I never understood it when adults would say "If I could go back and redo high school, I would."
To be honest, I personally hated High School. People are insecure, immature, mean and overall just...lost. I was always alone during breaks and lunch. I often wondered if there was something wrong with me, and why I never had someone to sit with or go out to eat with. I would wonder all on my own trying to kill time day after day for four years. It felt like it would never end. Like most teenagers I had my own self esteem issues that got me down and most of the time I felt dazed and confused. About everything. Things that I dont even think about, now. My question to everything in existence was "why?" I couldn't grasp an understanding of life or myself. But in the blink of an eye High School did end. I made it, I survived and well graduated. Just the fact that I completed and succeeded felt like a huge accomplishment because I struggled through most of it not school-wise, but mentally, and emotionally.

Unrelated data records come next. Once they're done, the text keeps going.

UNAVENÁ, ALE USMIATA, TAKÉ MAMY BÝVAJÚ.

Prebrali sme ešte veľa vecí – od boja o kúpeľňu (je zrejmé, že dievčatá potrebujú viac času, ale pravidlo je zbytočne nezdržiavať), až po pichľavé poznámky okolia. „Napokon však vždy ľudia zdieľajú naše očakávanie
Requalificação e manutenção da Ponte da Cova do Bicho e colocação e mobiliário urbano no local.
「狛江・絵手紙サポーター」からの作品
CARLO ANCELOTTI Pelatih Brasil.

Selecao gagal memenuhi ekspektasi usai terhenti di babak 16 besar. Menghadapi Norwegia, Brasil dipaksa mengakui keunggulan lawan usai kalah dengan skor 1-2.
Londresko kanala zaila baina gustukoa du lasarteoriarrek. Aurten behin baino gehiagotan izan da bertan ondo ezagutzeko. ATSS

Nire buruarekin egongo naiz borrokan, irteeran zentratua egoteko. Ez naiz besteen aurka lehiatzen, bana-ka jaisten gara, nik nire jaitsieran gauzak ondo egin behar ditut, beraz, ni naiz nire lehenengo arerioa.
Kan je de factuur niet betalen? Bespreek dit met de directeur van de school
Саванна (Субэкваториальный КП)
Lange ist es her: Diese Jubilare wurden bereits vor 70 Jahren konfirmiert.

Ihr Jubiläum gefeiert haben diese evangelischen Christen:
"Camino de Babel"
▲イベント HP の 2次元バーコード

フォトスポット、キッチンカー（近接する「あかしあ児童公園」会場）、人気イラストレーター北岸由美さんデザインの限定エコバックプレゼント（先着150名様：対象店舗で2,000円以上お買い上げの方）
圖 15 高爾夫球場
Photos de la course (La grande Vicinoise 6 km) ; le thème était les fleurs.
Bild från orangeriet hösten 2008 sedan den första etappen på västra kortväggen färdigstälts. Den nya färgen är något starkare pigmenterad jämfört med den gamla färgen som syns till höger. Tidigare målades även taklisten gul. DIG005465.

I am now in my first year of college. I am in a relationship. I am confident with my independence and myself. I know who I am, and I like who I am. These are sentences I never thought i'd speak. High school is just one hell of a waiting room. When your out life really does begin like they told you. Your a totally different person. Your older, wiser, stronger. You find the happiness you were searching for all throughout your adolescence. You find answers, maybe not to life but within yourself. And once you find yourself that is when you become content with everything and everyone in your environment. Things actually start to make sense. Giving up, quitting. These two things are not worth doing.

Everyone has potential if you apply yourself. I learned that "can't" is a word that will not get you anywhere and it shouldn't have to be a word to define anything. Don't apply that word to yourself because you CAN. If you don't believe how will you succeed?

Have belief in yourself, in your dreams and your goals. Strong belief will become reality. It is all in the mind which YOU control. Never give up, before you do consider all options and ask yourself if you have even tried. Tried everything there possibly is to try. Seek answers, seek advice, seek within yourself. Doing that, and knowing that and having that ability will let and help you know everything there is to know. Lonely, will not be lonely if you know and are comfortable with who you are.

I am sitting alone typing this right now, half an hour till my next class. You know what? I am perfectly content with it. I dont feel hopeless, or empty. And I am certainly not questioning if there is something the matter with me just because I dont have an acquaintance next to me. That will not solve your problems. Learn to love yourself, because if you don't how will another learn to love you?

I do not hold all the answers or secrets to the world, but that is why I want to go out into the world and explore it, travel it, witness all there possibly is to see. Breathe. I want to feel every emotion in every humanly possible way. That is what helps you grow more so. For every time you get lost, you will find yourself, or rather you will find something. I can guarantee that, as long as you are paying attention, and you will start to see and gather and notice the things you have found. The things you have searched for, and the knowledge you have gained.

Be alert, be alive. Most importantly... be happy.

I dont know that there is a reason for everything, but I most definitely try to believe in that.
I try to believe that the sun shines for a reason, the same as why we are here, what we are doing here, what we are for, where will we go?

It's is not a matter of knowing, this life. It is the matter of being here and making the most of every moment and every day. Time is moving, quickly. We are moving quickly. Hold on to the sight of the stars and the wind in the atmosphere. I recognize that something is here. You will start to feel that way too, you can.

I do not believe there is one single word which is to define life or the meaning of it. It is. That is all I can say, it just is, and we just are. Maybe others will understand that, maybe others wont. But that is what I have to say, that is what I feel.

I feel like there is music playing in the background, like there are secrets hiding behind the clouds, between dreams and within sleep.

Never let go of anything you passionately and infinitely believe in, because it is real and it is apart of you. Don't lose yourself.

Some tides may break and others may be swallowed, just know that you are apart of the world, you are existing so let yourself exist, and feel and live.

Your thoughts can whisper danger,
that will follow you everywhere you go.

But remember the world, remember where you are standing.
Hold on to everything that you are.
Every part of you matters, even if it doesn't to somebody else.
It matters to something, to somewhere.
It matters to this place you were brought to,
Long after you are gone
there will be silence of you,
shades of you.

I can hear the music in the background.